Fifth Circuit Considers If Spin-Off Share Swaps Are 'Sales' Under SEC Rules

3 min readSources: Courthouse News

The Fifth Circuit is reviewing if spin-off share swaps qualify as a 'sale' under the Securities Act of 1933.

Why it matters: The outcome will determine if federal securities disclosure and liability protections apply to share swaps during spin-offs, crucial for legal teams overseeing corporate restructurings and compliance. A definitive ruling will clarify compliance requirements for transactions affecting investors’ rights and companies’ risk exposure.

  • The Fifth Circuit is hearing the case Tung v. Anadarko Petroleum Corp., No. 22-20070, argued March 2024.
  • At issue: Does swapping shares in a spin-off equal a 'sale' under the 1933 Act's investor protection rules?
  • Plaintiffs say the exchange entitles shareholders to full Securities Act safeguards, including disclosure and remedies.
  • Defendant argues shareholders' investment remains unchanged, so no 'sale'—and thus no Act coverage—occurs.

The Fifth Circuit is examining whether exchanging old shares for new shares in a spin-off amounts to a legal 'sale'—a critical threshold for triggering the Securities Act of 1933, which provides extensive investor protections through mandatory disclosures and liability for misstatements.

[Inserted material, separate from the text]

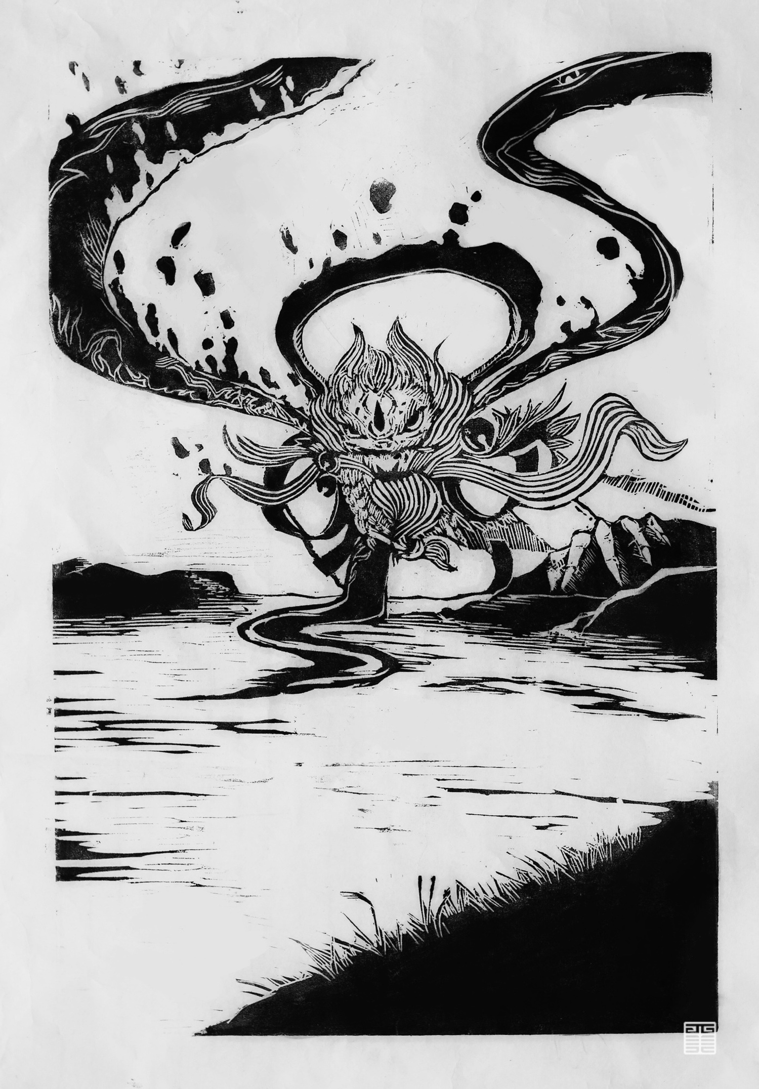 本次文化考察的创作主题是有关当地的神话故事。是以陕北地区的神话传说为背景,结合当地的风景文化来创作的。从黄河桀骜不驯不被驯服的形象来,展现黄河的气势磅礴恢宏大气,另一方面从黄河自古流传的神仙河伯为创作题材传说河伯可以换华为动物的形态,并以此为题材创作出黄河地区特有的动物,以夸张的表现是手法和拟人的心态。来刻画黄河风貌。和当地居民的生活状态。
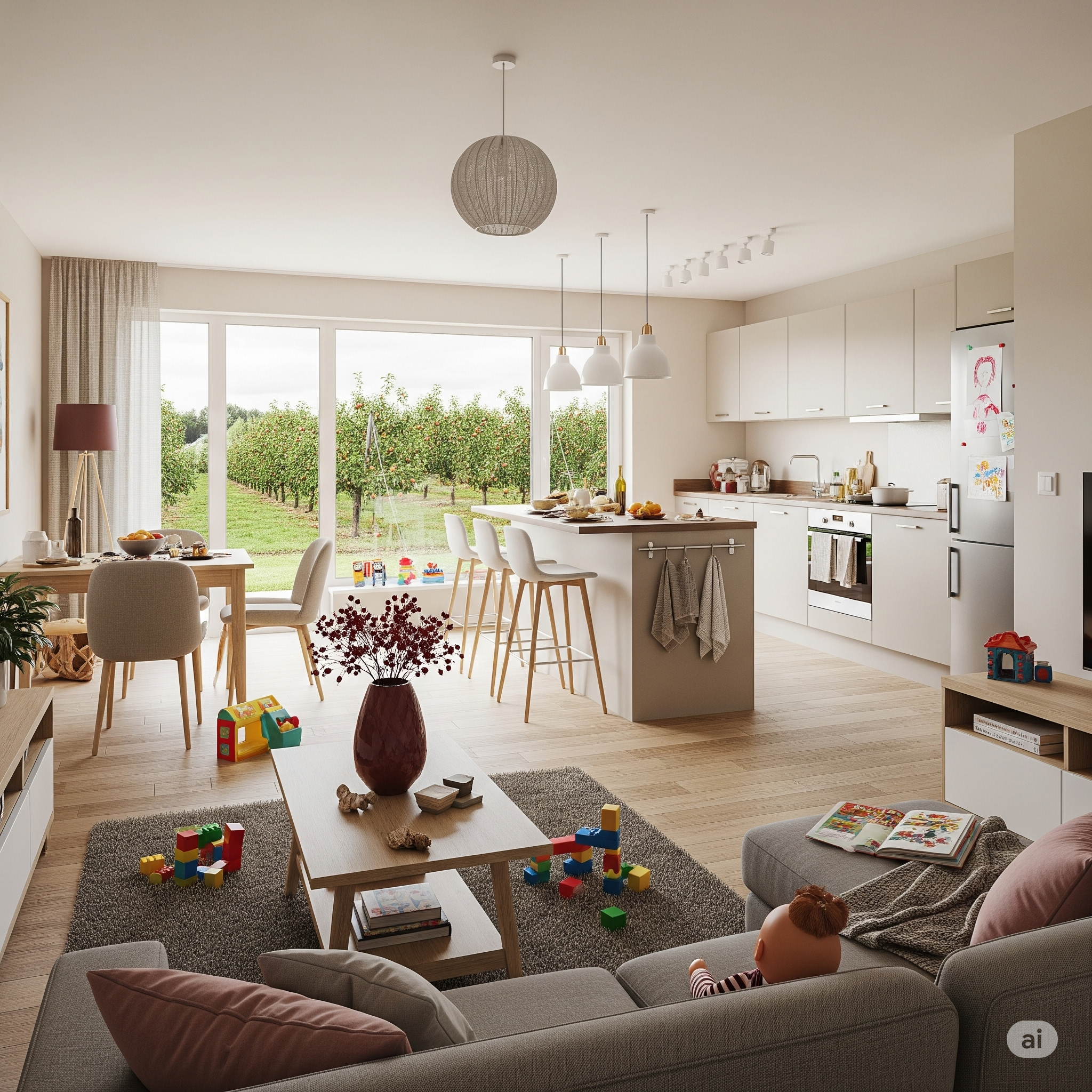 7.000 m², 80 Obstbäume, fünf Sandkästen und eine Bobbycar-Rennbahn.

  • In Tung v. Anadarko Petroleum Corp., No. 22-20070, shareholders claim that swapping shares in a restructured oil and gas entity should invoke full Securities Act coverage. They argue the transaction is a new investment, requiring compliance with federal investor protections like registration, disclosure, and anti-fraud provisions.
  • The company asserts no sale occurred since stakeholders’ economic interests did not materially change—meaning the exchange is not a substantive investment decision covered by the Act.

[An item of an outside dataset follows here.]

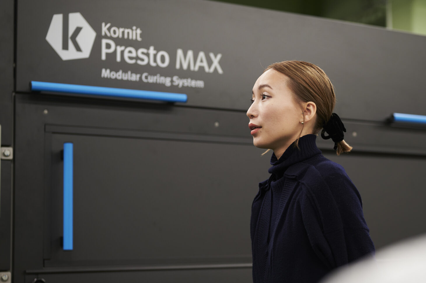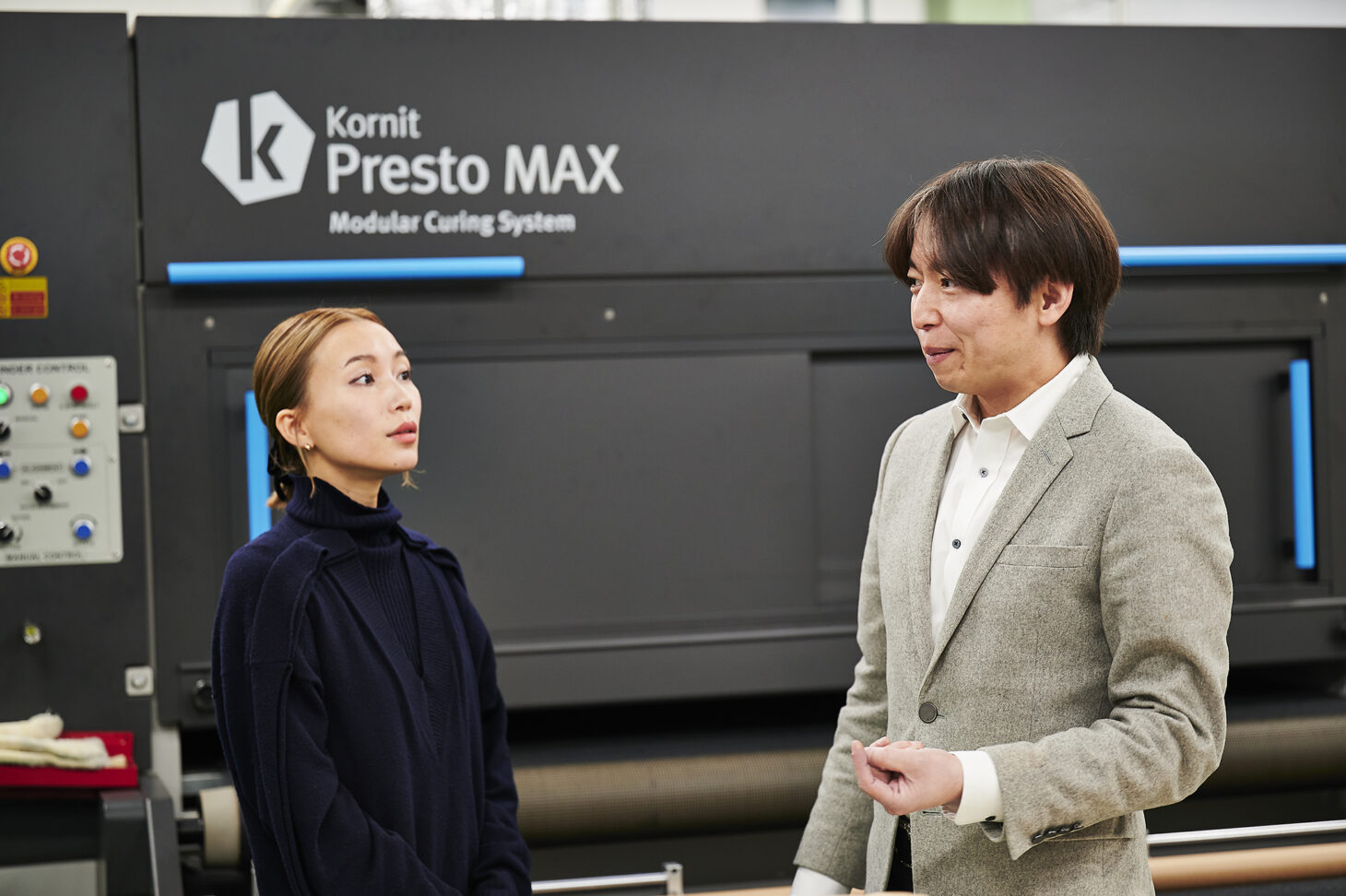 O-Perspectiveの核となるイスラエルのKornit Digital社製のプリンター「Presto」。従来のインクジェットプリンターでは困難だった色付き生地への白インクプリントや、ポリエステルや麻などの素材へのプリントも風合いを損なうことなく可能

The court’s decision will address the precedent in Knapp v. Barclays PLC, where the Second Circuit found a true purchase or sale under Section 10(b) (and thus protection) generally requires a distinct investment choice by the security-holder.

The Securities Act of 1933 was enacted to ensure investors receive essential information and to guard against fraud in securities offerings. If the Fifth Circuit rules in favor of the plaintiffs, companies may need to extend full 1933 Act protections to similar spin-off share transactions, fundamentally affecting how they disclose, structure, and assess risks in reorganizations and mergers.

This clarification will directly impact corporate legal operations, investor relations, and the structure of future equity transactions.

By the numbers:

  • 1933 — Year the Securities Act established investor protection and registration requirements.
  • 2024 — Date oral arguments were heard in Tung v. Anadarko Petroleum Corp., No. 22-20070.
  • 2018 — Knapp v. Barclays PLC, 406 F. Supp. 3d 418 (S.D.N.Y.), decided on the investment decision standard.

Yes, but: A split among federal circuits on what constitutes a 'sale' under securities law could lead to further appeals or a Supreme Court review.

What's next: The Fifth Circuit’s decision in Tung v. Anadarko Petroleum Corp. is expected later in 2024 and could set a new standard for similar cases nationwide.